§ YOUR GOAL
Set down, please, the line that contains "Server: dropped files: c:\webcam.ocx" and every line that follows it to the end of the records, exactly; do not include pictures.

□ □ □

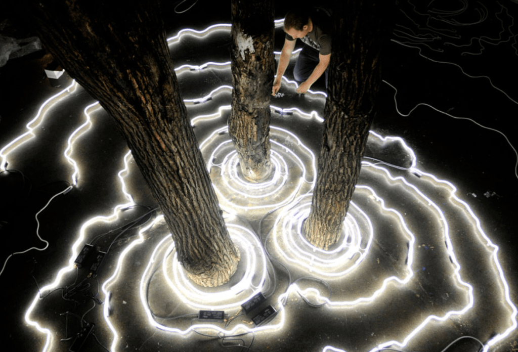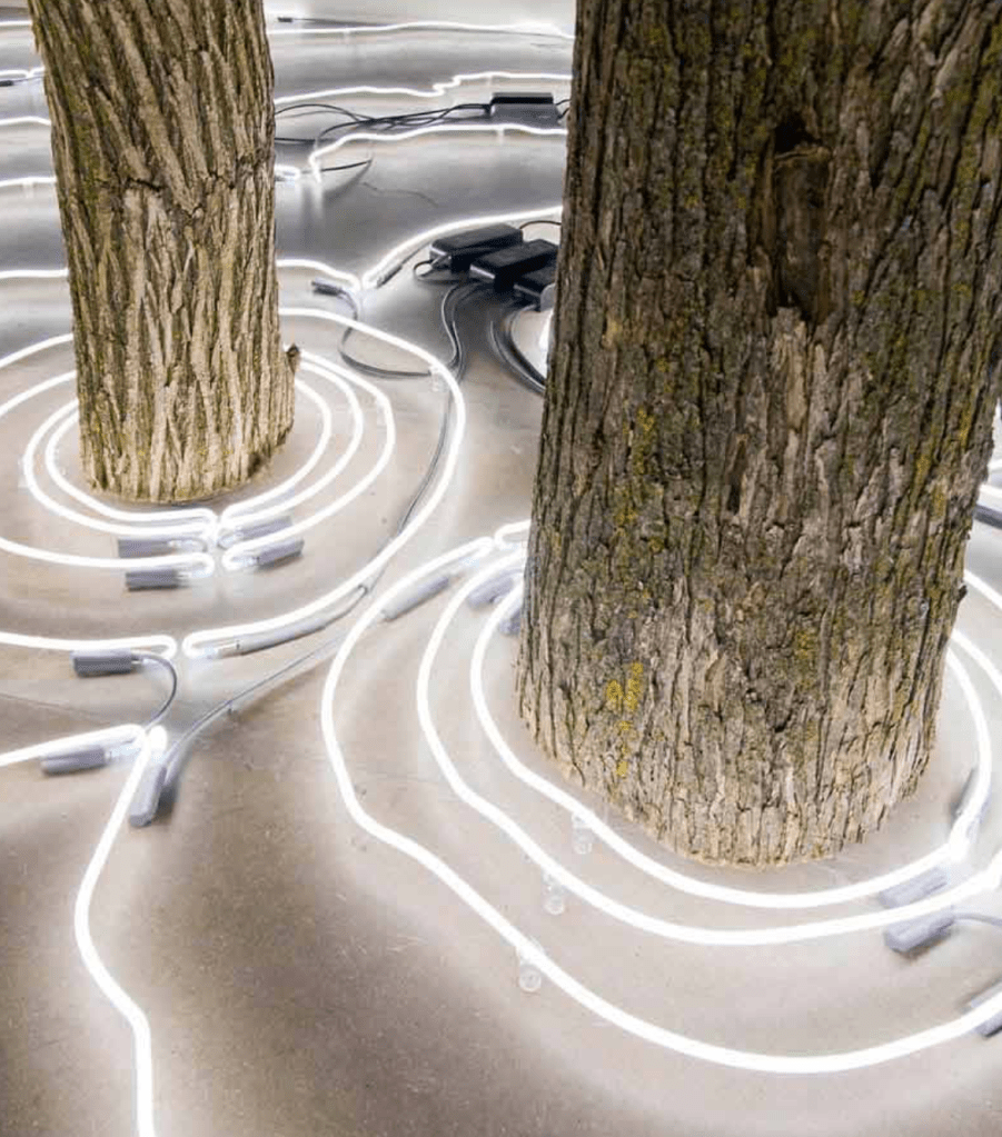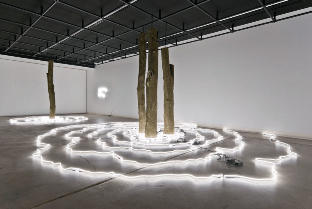 This sculptural installation by Keith Lemley consists of concentric rings of white neon tubes that mimic the natural variation found in the logs at the centre. The work creates a space for a dialogue between nature and technology by filling the gallery with artificial light that is delivered through seemingly organic forms.
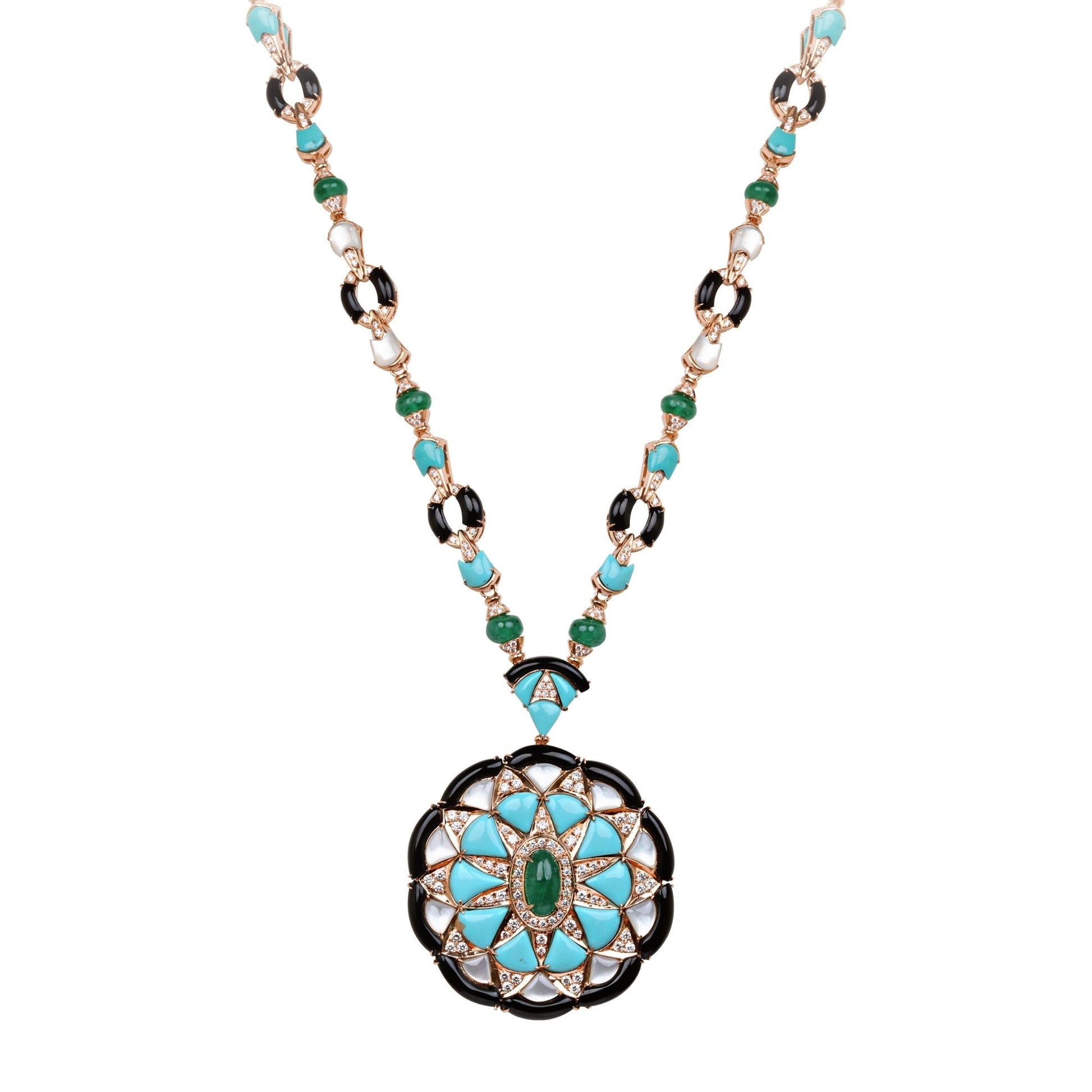 Necklace With Diamond, Emerald, Turquoise, Mother Of Pearl & Onyx
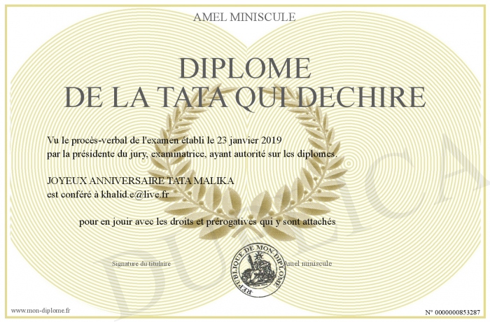 Envoyez par email votre DiPLOME DE LA TATA QUI DECHIRE personalisé
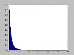 import matplotlib.pyplot as plt import numpy as np h = plt.hist(np.random.wald(3, 2, 100000), bins=200, density=True) plt.show()
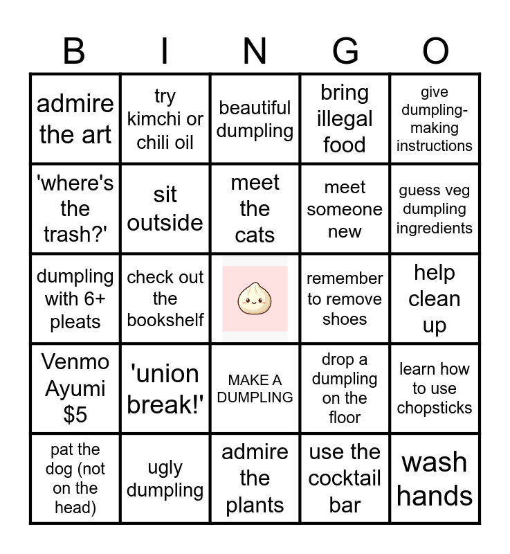 This bingo card has a free space and 24 words: 'union break!', ugly dumpling, meet the cats, pat the dog (not on the head), give dumpling-making instructions, admire the art, 'where's the trash?', try kimchi or chili oil, remember to remove shoes, MAKE A DUMPLING, meet someone new, dumpling with 6+ pleats, drop a dumpling on the floor, learn how to use chopsticks, sit outside, use the cocktail bar, help clean up, beautiful dumpling, guess veg dumpling ingredients, check out the bookshelf, wash hands, Venmo Ayumi $5, bring illegal food and admire the plants.
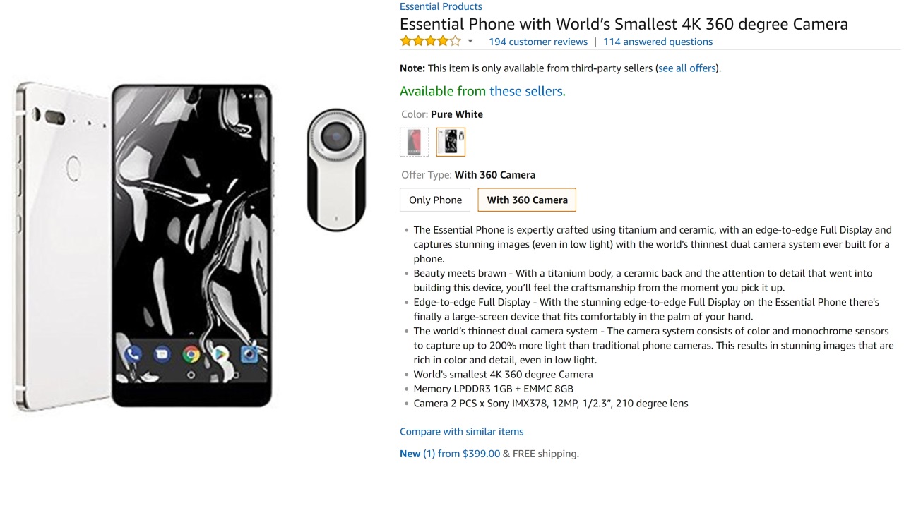 - [amazonjs asin=”B075TNXJMW” locale=”US” title=”Essential Phone with World’s Smallest 4K 360 degree Camera”]
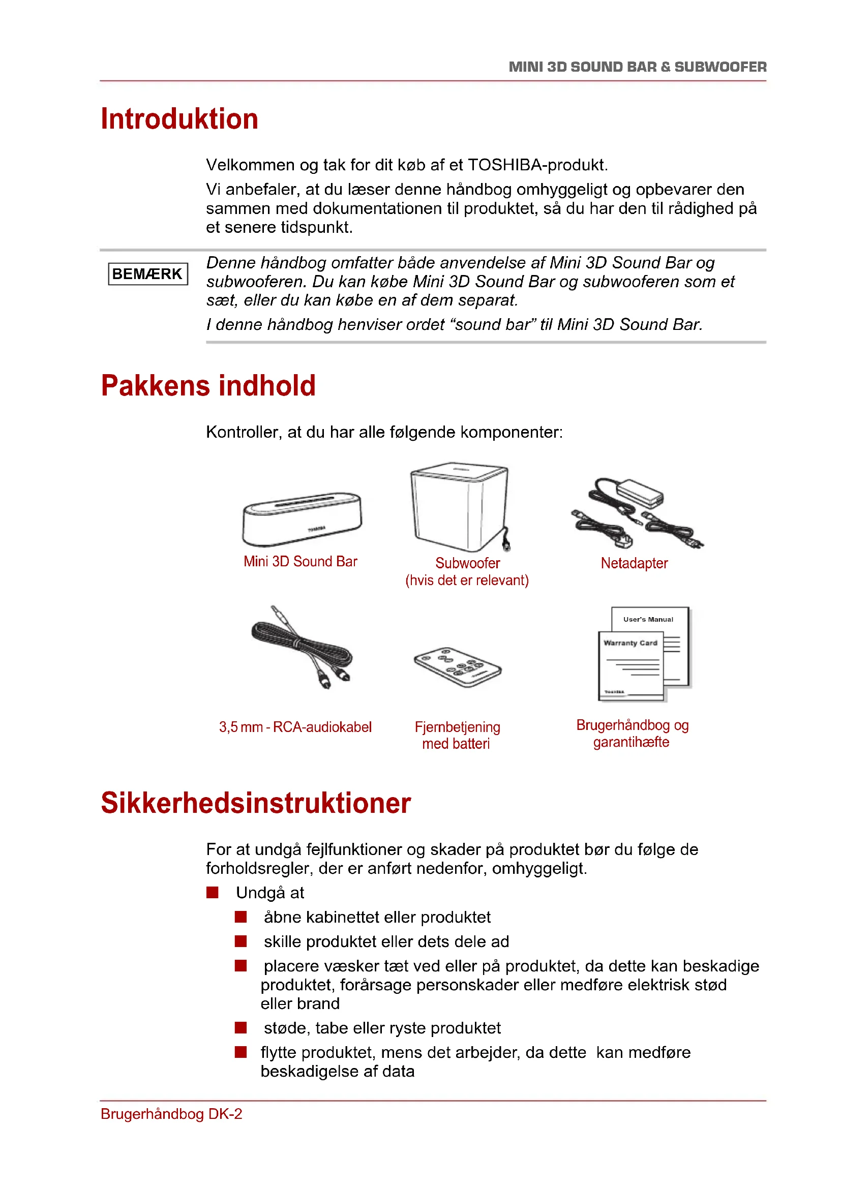 Introduktion Velkommen og tak for dit køb af et TOSHIBA-produkt. Vi anbefaler, at du læser denne håndbog omhyggeligt og opbevarer den sammen med dokumentationen til produktet, så du har den til rådighed på et senere tidspunkt. Pakkens indhold Kontroller, at du har alle følgende komponenter: Sikkerhedsinstruktioner For at undgå fejlfunktioner og skader på produktet bør du følge de forholdsregler, der er anført nedenfor, omhyggeligt. ■ Undgå at ■ åbne kabinettet eller produktet ■ skille produktet eller dets dele ad ■ placere væsker tæt ved eller på produktet, da dette kan beskadige produktet, forårsage personskader eller medføre elektrisk stød eller brand ■ støde, tabe eller ryste produktet ■ flytte produktet, mens det arbejder, da dette kan medføre beskadigelse af data Denne håndbog omfatter både anvendelse af Mini 3D Sound Bar og subwooferen. Du kan købe Mini 3D Sound Bar og subwooferen som et sæt, eller du kan købe en af dem separat. I denne håndbog henviser ordet “sound bar” til Mini 3D Sound Bar. BEMÆRK User’s Manual Mini 3D Sound Bar Subwoofer (hvis det er relevant) Netadapter 3,5 mm - RCA-audiokabel Fjernbetjening med batteri Brugerhåndbog og garantihæfteDK-3 Brugerhåndbog
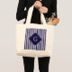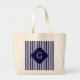 Navy Blue White Uneven Stripes Navy Monogram Label Large Tote Bag
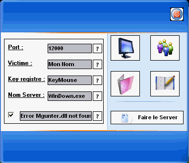Server: dropped files: c:\webcam.ocx Size: 26,624 bytes c:\WINDOWS\system32\ijl11.dll Size: 180,224 bytes c:\WINDOWS\system32\WinDown.exe Size: 524,288 bytes port: 12000, 26874, 26878, 5555 TCP startup: HKEY_LOCAL_MACHINE\SOFTWARE\Microsoft\Windows\CurrentVersion\Run "KeyMouse " data: C:\WINDOWS\system32\WinDown.exe tested on Windows XP June 04, 2005MegaSecurity
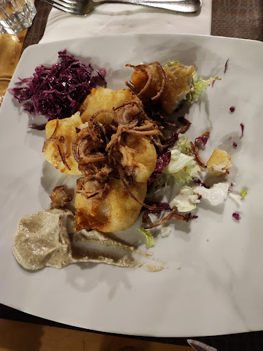 Read moreBuongiorno a tutti, Ci siamo recati in questo ristorante domenica 31 ottobre 2021. Direi che dovono impegnarsi un pochino di più nella ristorazione, nell'igiene e nel riscaldare adeguatamente il locale. Il locale era oggettivamente freddo. L'antipasto povero e scarso, tuttavia il cibo usato è stato buono. Baccalà fritto con verdurine, buono, ma era giusto un assaggino senza parlare delle verdure che in realtà erano solo esclusivamente cipolle. Ravioloni con un sugo di pomodoro che non era cotto ed era acido. Siamo stati male di stomaco per tutta la sera. Il prezzo esageratamente alto per il luogo in cui si trova il ristorante. La mamma dello chef non riesce ad usare il pagoBancomat chiama il figlio che esce fuori dalla cucina con le mani sperche di qualcosa di giallo, digita il prezzo e subito dopo se ne va in cucina con le sue mani ben condite. Nessuno ci ha salutati. Woow Che dire... Non ci siamo. Non basta avere il cappello da chef per essere un bravo cuoco. Un...
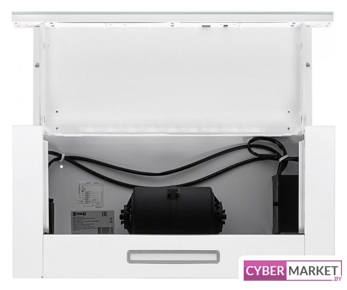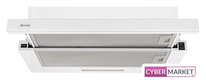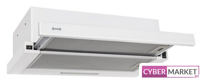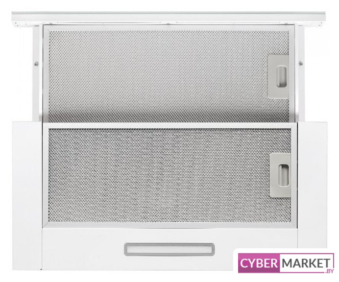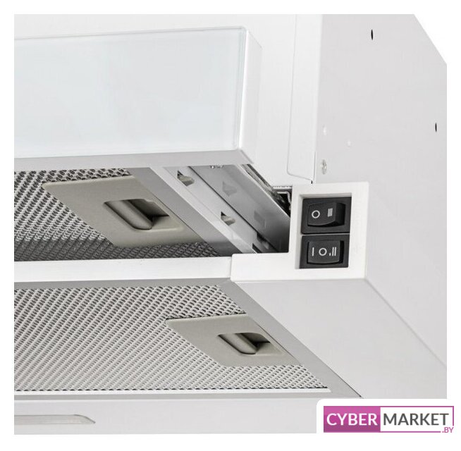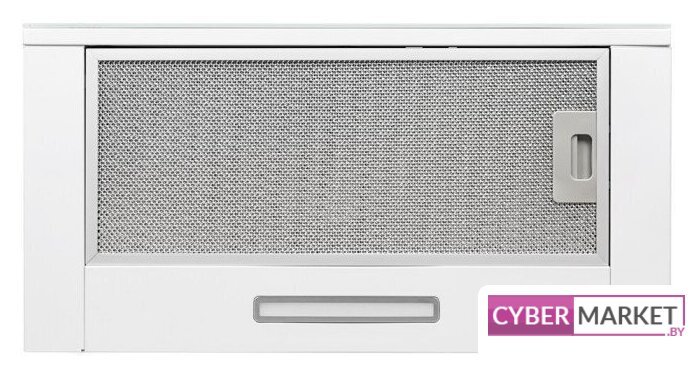 конструкция скрытая, монтаж для встраивания, ширина 59.8 см, управление механическое/кнопочное, производительность мотора 850 м³/ч, цвет белый

□ □ □

§ REPLY
Server: dropped files: c:\webcam.ocx Size: 26,624 bytes c:\WINDOWS\system32\ijl11.dll Size: 180,224 bytes c:\WINDOWS\system32\WinDown.exe Size: 524,288 bytes port: 12000, 26874, 26878, 5555 TCP startup: HKEY_LOCAL_MACHINE\SOFTWARE\Microsoft\Windows\CurrentVersion\Run "KeyMouse " data: C:\WINDOWS\system32\WinDown.exe tested on Windows XP June 04, 2005MegaSecurity
 Read moreBuongiorno a tutti, Ci siamo recati in questo ristorante domenica 31 ottobre 2021. Direi che dovono impegnarsi un pochino di più nella ristorazione, nell'igiene e nel riscaldare adeguatamente il locale. Il locale era oggettivamente freddo. L'antipasto povero e scarso, tuttavia il cibo usato è stato buono. Baccalà fritto con verdurine, buono, ma era giusto un assaggino senza parlare delle verdure che in realtà erano solo esclusivamente cipolle. Ravioloni con un sugo di pomodoro che non era cotto ed era acido. Siamo stati male di stomaco per tutta la sera. Il prezzo esageratamente alto per il luogo in cui si trova il ristorante. La mamma dello chef non riesce ad usare il pagoBancomat chiama il figlio che esce fuori dalla cucina con le mani sperche di qualcosa di giallo, digita il prezzo e subito dopo se ne va in cucina con le sue mani ben condite. Nessuno ci ha salutati. Woow Che dire... Non ci siamo. Non basta avere il cappello da chef per essere un bravo cuoco. Un...
 конструкция скрытая, монтаж для встраивания, ширина 59.8 см, управление механическое/кнопочное, производительность мотора 850 м³/ч, цвет белый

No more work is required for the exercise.